Unclaimed Rs 22,000 Crore with Life Insurance Companies

MUMBAI: A staggering amount of nearly Rs 22,237 crore remains unclaimed with life insurers at the beginning of FY24, according to recent data from Irdai. Despite efforts to reduce this sum through a six-month drive from June to November 2023, which saw a decrease of over Rs 1,018 crore in unclaimed funds, the issue persists. The initiative has shed light on the importance of policyholders engaging in proper estate planning, particularly when designating non-relatives as beneficiaries, as insurers are wary of non-immediate family members inheriting benefits.

The Need for Proper Estate Planning

Insurers have been tasked with regularly updating contact, bank, and nominee information, conducting Know Your Customer (KYC) and Re-KYC processes, utilizing credit bureaus and media to locate consumers, and enforcing accountability among agents for providing accurate details. Despite these measures, unclaimed funds continue to accumulate due to various reasons such as nominees being untraceable, family circumstances changing, or nominees passing away.

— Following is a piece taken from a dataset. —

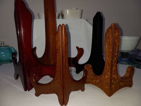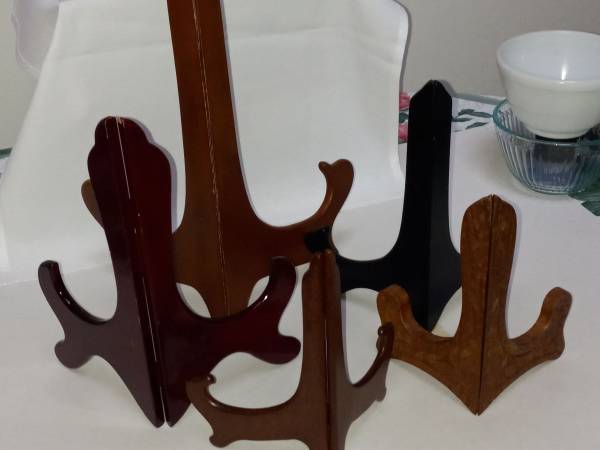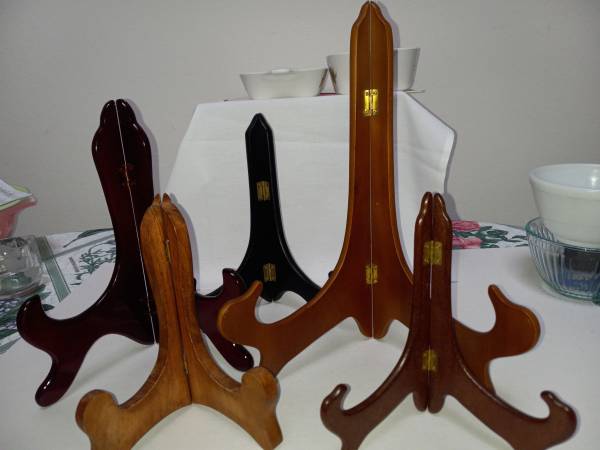 Really solid, nice group of 10 art or plate easels. 10-inch white cast iron easel not shown. _____ _____

Expert Insights and Solutions

Sujeet Kothare, executive VP (marketing) at Tata AIA, highlighted the urgency of addressing this industry-wide issue. Tata AIA has taken proactive steps to keep nominees informed about policy specifics, benefits, and any modifications during the policy term. Additionally, the insurer is offering discounted HPV vaccinations to nominees to encourage cancer prevention, aligning with the Tatas’ historical commitment to combating cancer.

Kothare acknowledged the complexities that arise when policyholders select non-relatives as nominees, emphasizing the need to establish trusts and appoint trustees to ensure the smooth execution of bequests in such cases. Edelweiss Life further elaborated in a blog post that if a non-beneficial nominee is designated, the legal heirs will retain control of the funds. For instance, if someone appoints their girlfriend as a nominee, she can receive the money but must transfer it to the deceased’s spouse or children, illustrating the distinction between nominee status and ownership of funds.

Implications for Policyholders

LIC has advised policyholders to nominate immediate family members due to insurable interest concerns and potential moral hazards associated with appointing strangers as beneficiaries. This guideline poses challenges for individuals in same-sex relationships or those without immediate family members, prompting a reevaluation of estate planning strategies and beneficiary designations.

As we navigate the complexities of financial planning and estate management, it is essential to consider the implications of nominating beneficiaries and the long-term impact of these decisions on loved ones and legacy preservation. Let us strive to engage in open conversations about estate planning, seek expert guidance where necessary, and prioritize the clarity and accuracy of beneficiary information to ensure a secure and seamless transition of assets in the future.